To delete the 21.1 kb region of red pigment BGC in kasOp*‐dptE, the vector pΔRED was transformed into kasOp*‐dptE protoplasts. The expected mutant, termed kasOp*‐dptE/ΔRED, was isolated by selection of ΔRED and confirmed by PCR using the same primers. Plasmids pacsA4iptaipyrBipyrCi and pIJ‐kasOp*‐aspC‐gdhA‐ppc‐ecaA were separately or co‐transformed into kasOp*‐dptE/ΔRED to obtain strains XW1, XW2, and XW1‐2.

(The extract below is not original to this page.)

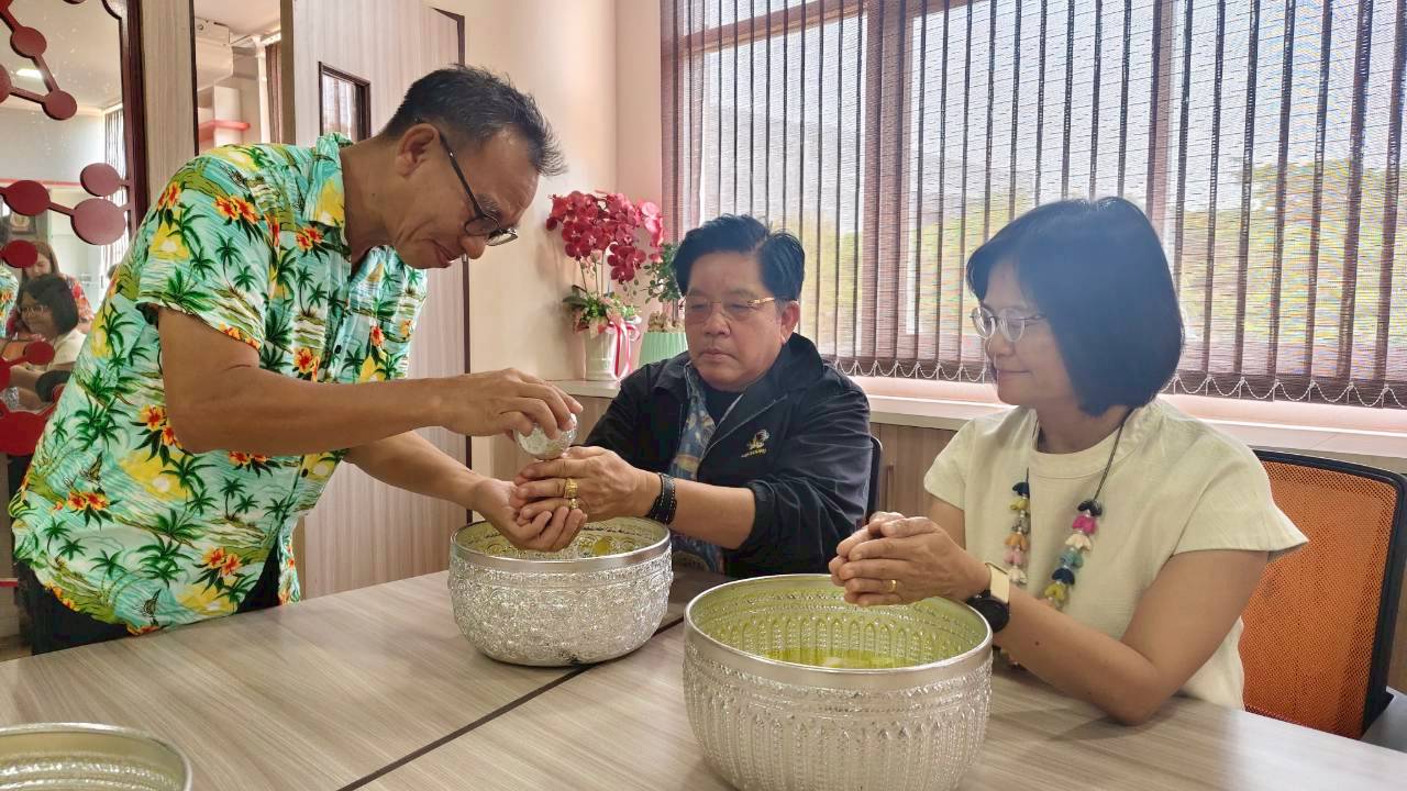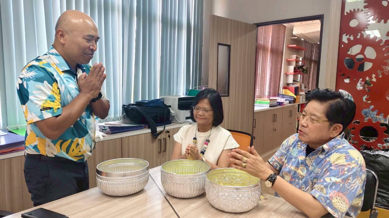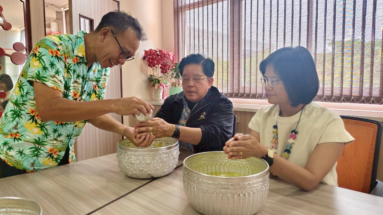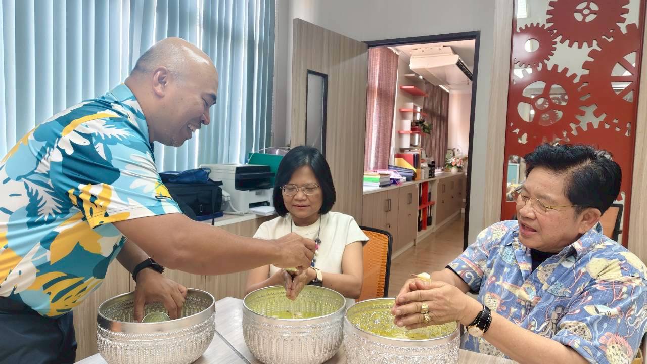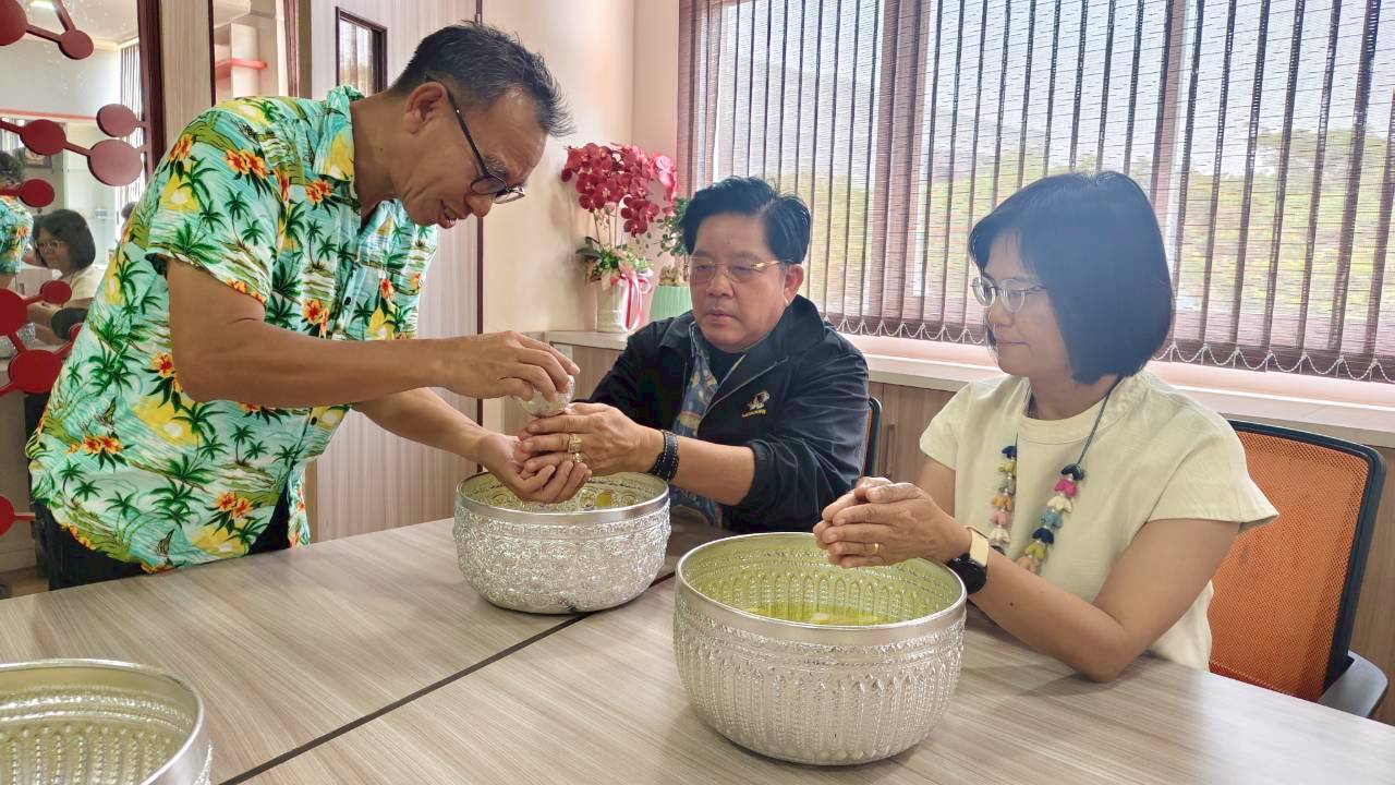 ผู้บริหาร คณาจารย์ และบุคลากร KUSE ร่วมใจรดน้ำและรับคำอวยพร จาก ร.พิทักษ์ ปักษานนท์ ผู้ทรงคุณวุฒิ

Direct cloning and integration of the engineered dpt* cluster

Cas9‐Assisted Targeting of Chromosome Segments (CATCH) technique (Jiang et al., 2015) was used to capture ~60‐kb fragment containing the engineered dpt* cluster from strain kasOp*‐dptE. Briefly, mycelia of kasOp*‐dptE were collected from 2‐day culture in fermentation medium, and genomic DNA plugs were prepared using the CHEF Bacterial Genomic DNA Plug Kit (Bio‐Rad, USA). Two sgRNA sequences (sgRNA‐dapF and sgRNA‐dapR) were designed for targeting both flanking regions of the dpt* cluster. The DNA templates of sgRNA‐dapF and sgRNA‐dapR in vitro transcription were generated by overlapping PCR using three primers: sgRNA‐dapF or sgRNA‐dapR, guide RNA‐F, and guide RNA‐R. Then, in vitro transcription of sgRNAs by T7 RNA polymerase was performed using the HiScribe™ T7 Quick High Yield RNA Synthesis Kit (New England Biolabs, USA) according to the manufacturer's protocol. The kasOp*‐dptE genomic DNA plug was digested with Cas9, together with sgRNA‐dapF and sgRNA‐dapR, as previously described (Jiang et al., 2015). The digested DNA was then precipitated with ethanol and suspended in 20 μL DNase‐free water. Plasmid pSET156 was constructed from pSET152 (Bierman et al., 1992) by replacing the high copy pUC replicon with the low copy pSC101 replicon of E. coli. The linear backbone of pSET156 was amplified from plasmid pSET156 by PCR using primers dap‐156‐F and dap‐156‐R, each of which contains a ~30 bp overlap with one end of the target gene cluster fragment. Approximately 50 ng of the backbone DNA and 1 μg of the digested genomic DNA were assembled using Gibson assembly method, and the resulting product was transformed into E. coli EPI300 competent cells by electroporation. The correct clones containing recombinant plasmid pSET156‐dpt* (Figure S3A) were verified by PCR using primer pairs L‐dap yzf /L‐dap yzr, R‐dap yzf /R‐dap yzr, dap1 yzf/dap1 yzr, and dap2 yzf/dap2 yzr (Figure S3B). After isolation, pSET156‐dpt* was transferred into kasOp*‐dptE/ΔRED by conjugation (Kieser et al., 2000) to obtain strain XW3, which contains an extra copy of the dpt* cluster.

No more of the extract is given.